Thousands protested in Pakistan after French satirical magazine Charlie Hebdo reprinted a cartoon parody of the Prophet Mohammed to mark the opening of the trial of the alleged accomplices to the deadly 2015 attack on its office.
The demonstrations began on Thursday and continued into Friday, spreading into other cities such as Lahore and Islamabad, with crowds marching and some people burning the French flag. “Stop barking, French dogs!” was reportedly chanted by one group of angry marchers.
Pakistani Islamists are marching towards Pakistani capital to protest against french president #EmmaneulMacron's statement on Islamic separatism and defending #Blasphemy .#CharlieHebdo #Pakistan #islamists https://t.co/ygMeWUMgiJ pic.twitter.com/11C7fve0BF
— Naveed Murtaza (@NaveedMurtaza11) September 4, 2020
Charlie Hebdo : la colère enfle au Pakistan après la republication des caricatures de Mahomet par #CharlieHebdo. À Muzaffarabad, le drapeau français a été piétiné et brûlé aux cries de "cessez d'aboyer, chiens français !". D'autres manif. sont prévues dans le pays (Channel Five). pic.twitter.com/V5lW3jeYim
— Infos Françaises (@InfosFrancaises) September 3, 2020
Pakistan’s foreign ministry condemned the magazine’s decision ahead of publication, calling it a “deliberate act to offend the sentiments of billions of Muslims,” and adding that it “cannot be justified as an exercise in press freedom or freedom of expression.”

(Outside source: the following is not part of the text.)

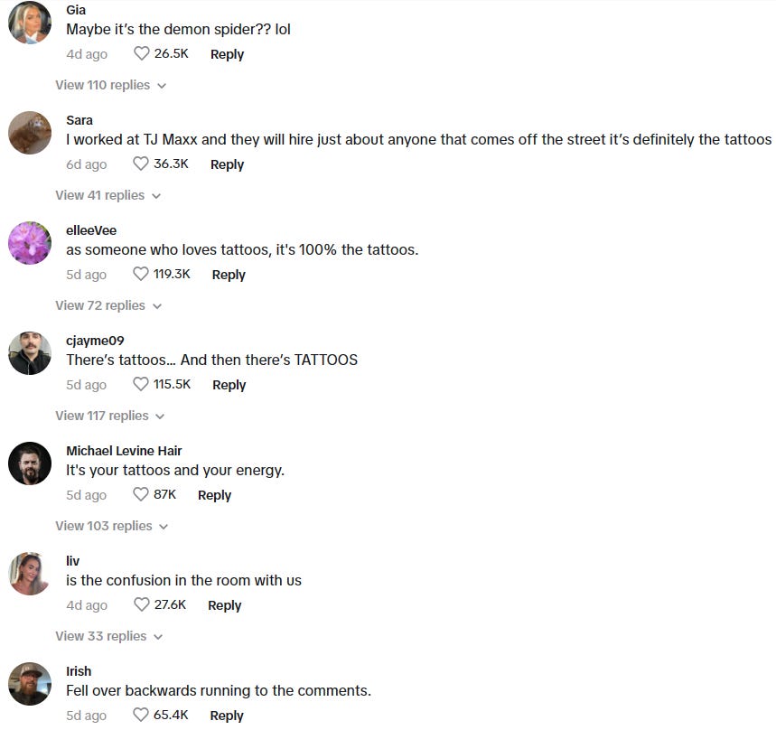 “And, you know, I asked her if it was about my tattoos, obviously, because I know a lot of places don’t like tattoos. She said that wasn’t the reason. I don’t feel like that’s true, but whatever. I’ll leave it at that.”

Such a deliberate act to offend the sentiments of billions of Muslims cannot be justified as an exercise in press freedom or freedom of expression. Such actions undermine the global aspirations for peaceful co-existence as well as social and inter-faith harmony. 2/2
— Spokesperson 🇵🇰 MoFA (@ForeignOfficePk) September 1, 2020
Not all members of the Muslim community supported the demonstrations and the anger expressed toward Charlie Hebdo. British anti-extremist activist and former Islamic fundamentalist Maajid Nawaz called on the Muslim world to be “outraged” at more material things than a “cartoon office.” “Where are the protests outside the Chinese embassy?” he asked, referring to reports of Uyghur Muslims being systematically oppressed.
Charlie Hebdo’s special edition on September 2 featured a reprint of some of its Islam-themed cartoons, including the depictions of the Prophet Mohammed that triggered the 2015 gun attack on its Paris premises. Twelve people were killed in the raid, and a further five in the days that followed, as the gunmen went on the run.
Saïd and Chérif Kouachi, the two brothers who carried out the attack, died in a shootout with the police north of Paris two days after their assault on Charlie Hebdo. The trial centers on 13 men and one woman who are accused of having been accomplices in the terrorist plot.